**How to complete this task**
All that is wanted is the exact lines from the one with "この記事では、プラネタリウム" through the last line of the entries, with both ends kept and every picture left out.

*** Opening Extracted entries ***

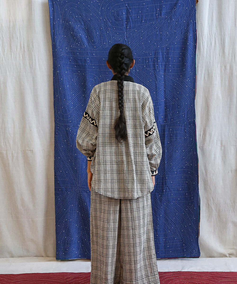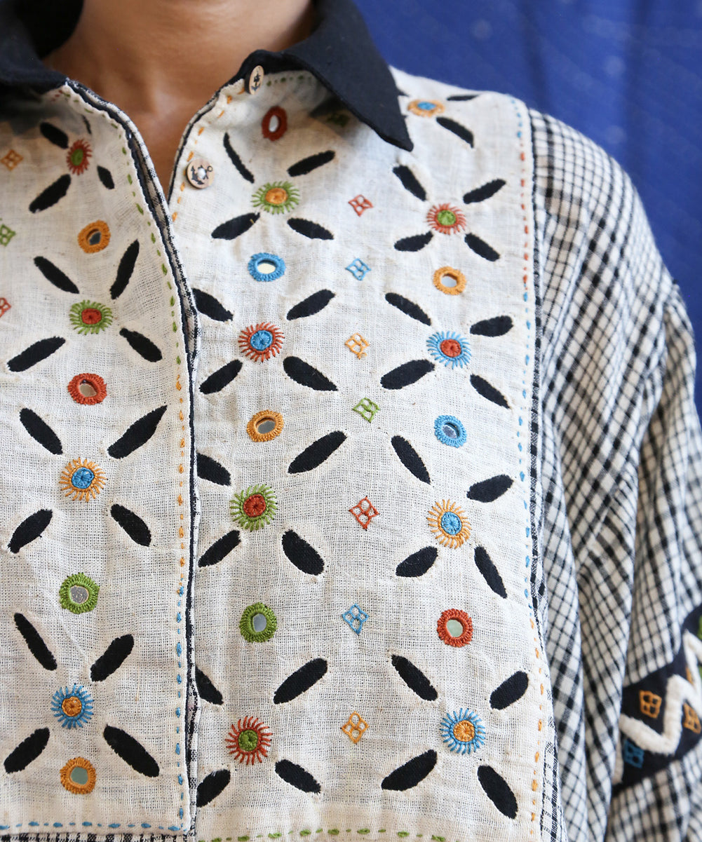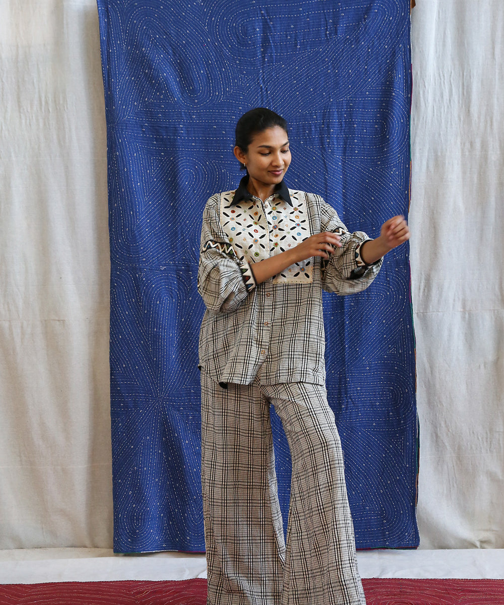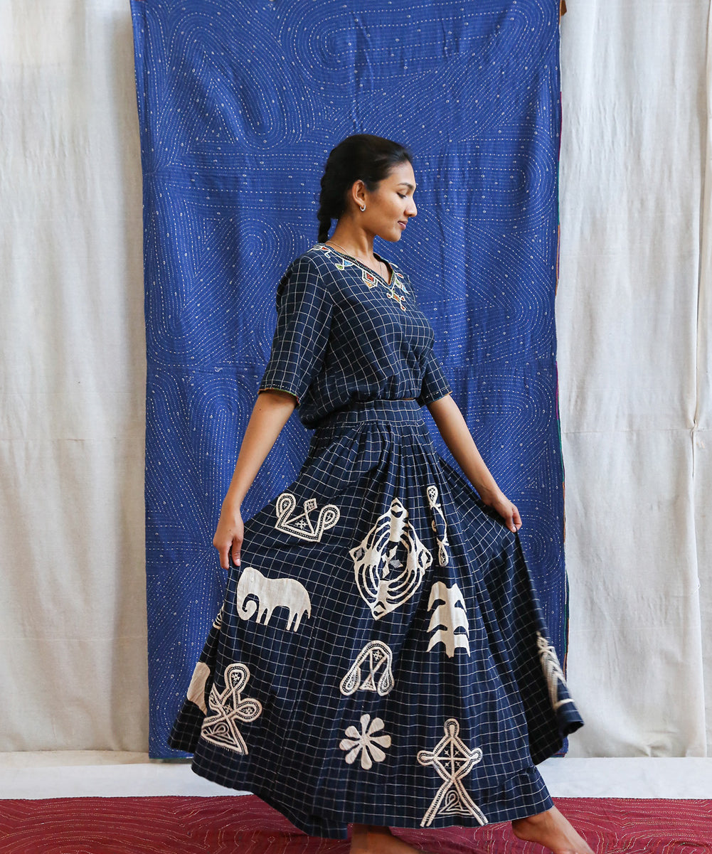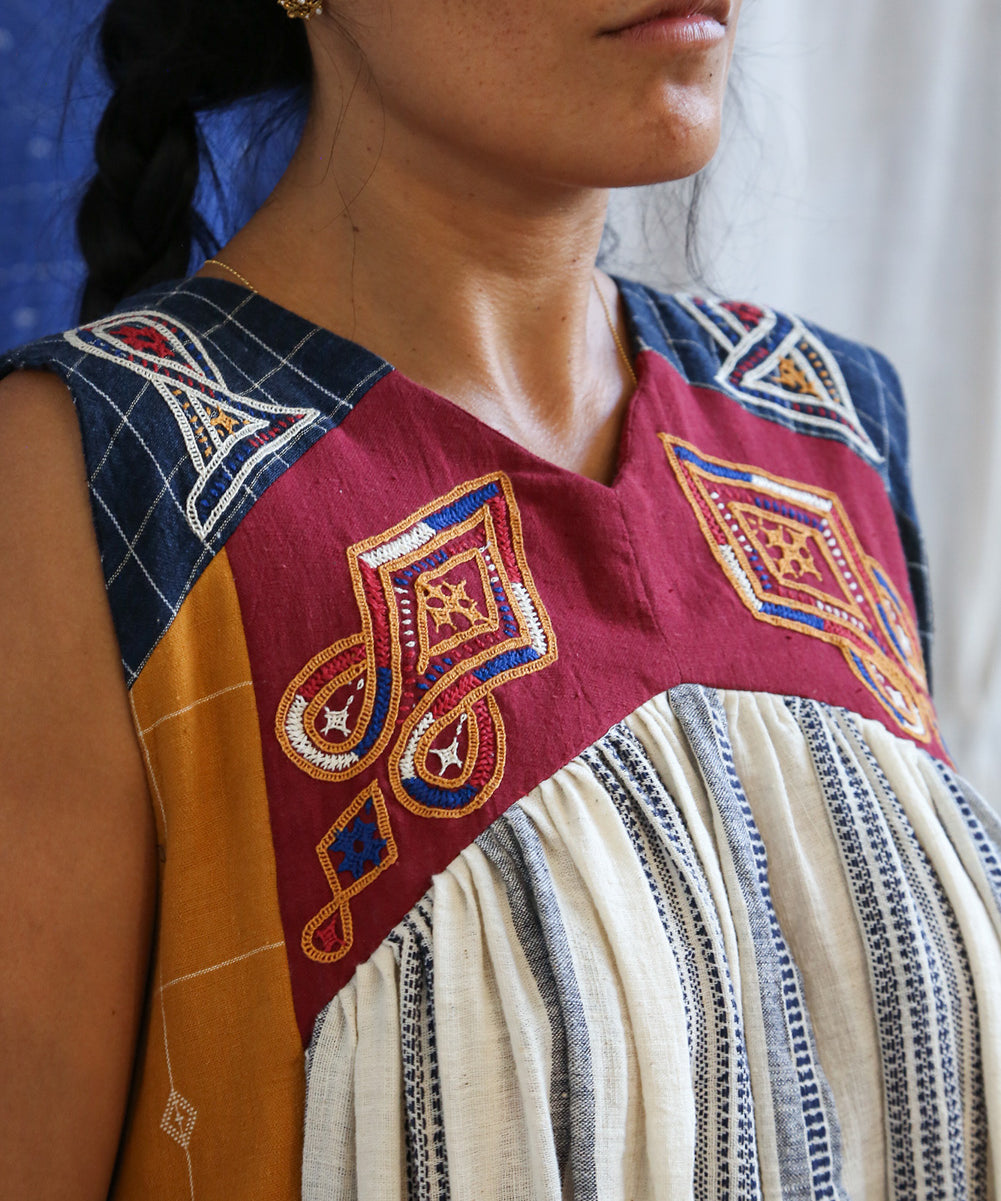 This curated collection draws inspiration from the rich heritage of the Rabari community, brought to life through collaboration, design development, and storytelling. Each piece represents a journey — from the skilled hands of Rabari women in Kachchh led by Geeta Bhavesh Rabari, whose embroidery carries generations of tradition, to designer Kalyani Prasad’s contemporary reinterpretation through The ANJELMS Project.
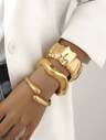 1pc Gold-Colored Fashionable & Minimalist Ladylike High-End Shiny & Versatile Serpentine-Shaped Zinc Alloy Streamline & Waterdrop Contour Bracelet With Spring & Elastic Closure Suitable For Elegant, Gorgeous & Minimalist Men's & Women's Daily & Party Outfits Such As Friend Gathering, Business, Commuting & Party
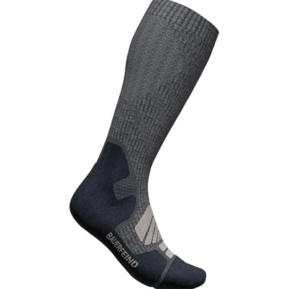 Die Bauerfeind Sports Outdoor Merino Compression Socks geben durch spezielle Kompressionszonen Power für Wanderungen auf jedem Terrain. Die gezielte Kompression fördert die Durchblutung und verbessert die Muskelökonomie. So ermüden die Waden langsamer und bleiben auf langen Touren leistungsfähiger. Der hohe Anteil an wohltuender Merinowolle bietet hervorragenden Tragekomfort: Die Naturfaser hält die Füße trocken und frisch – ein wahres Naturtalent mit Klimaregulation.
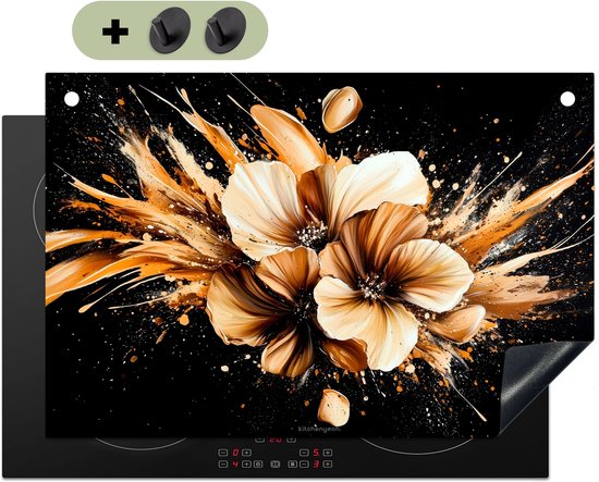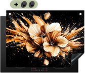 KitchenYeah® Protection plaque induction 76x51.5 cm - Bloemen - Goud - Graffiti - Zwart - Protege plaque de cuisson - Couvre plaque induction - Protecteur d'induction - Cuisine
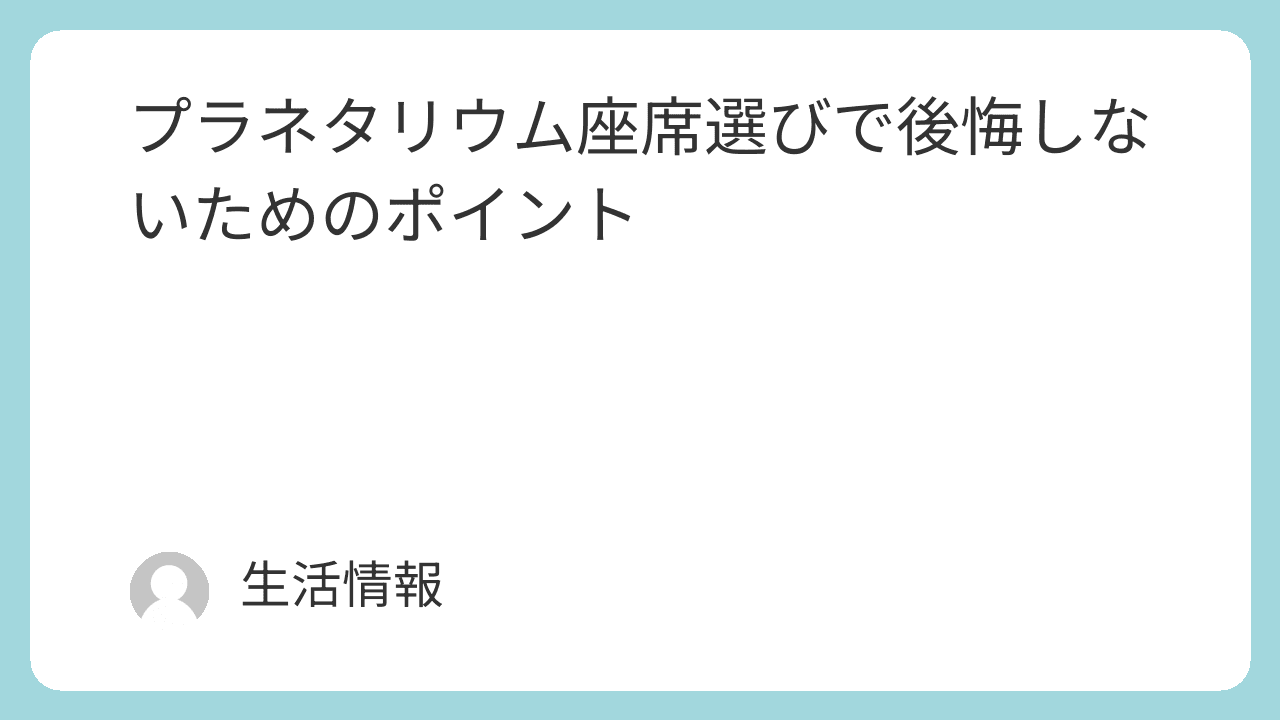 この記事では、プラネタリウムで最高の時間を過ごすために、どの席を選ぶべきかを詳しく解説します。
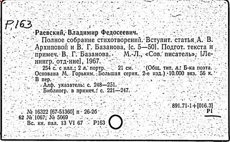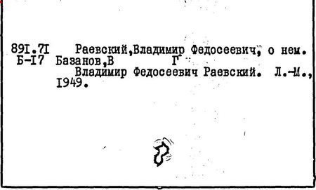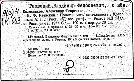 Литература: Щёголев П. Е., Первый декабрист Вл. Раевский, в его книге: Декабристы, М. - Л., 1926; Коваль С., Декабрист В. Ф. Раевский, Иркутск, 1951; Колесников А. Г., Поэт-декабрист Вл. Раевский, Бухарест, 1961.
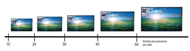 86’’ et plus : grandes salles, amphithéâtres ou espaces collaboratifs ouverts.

*** Closing Extracted entries ***

**Solution to this problem**
 この記事では、プラネタリウムで最高の時間を過ごすために、どの席を選ぶべきかを詳しく解説します。
 Литература: Щёголев П. Е., Первый декабрист Вл. Раевский, в его книге: Декабристы, М. - Л., 1926; Коваль С., Декабрист В. Ф. Раевский, Иркутск, 1951; Колесников А. Г., Поэт-декабрист Вл. Раевский, Бухарест, 1961.
 86’’ et plus : grandes salles, amphithéâtres ou espaces collaboratifs ouverts.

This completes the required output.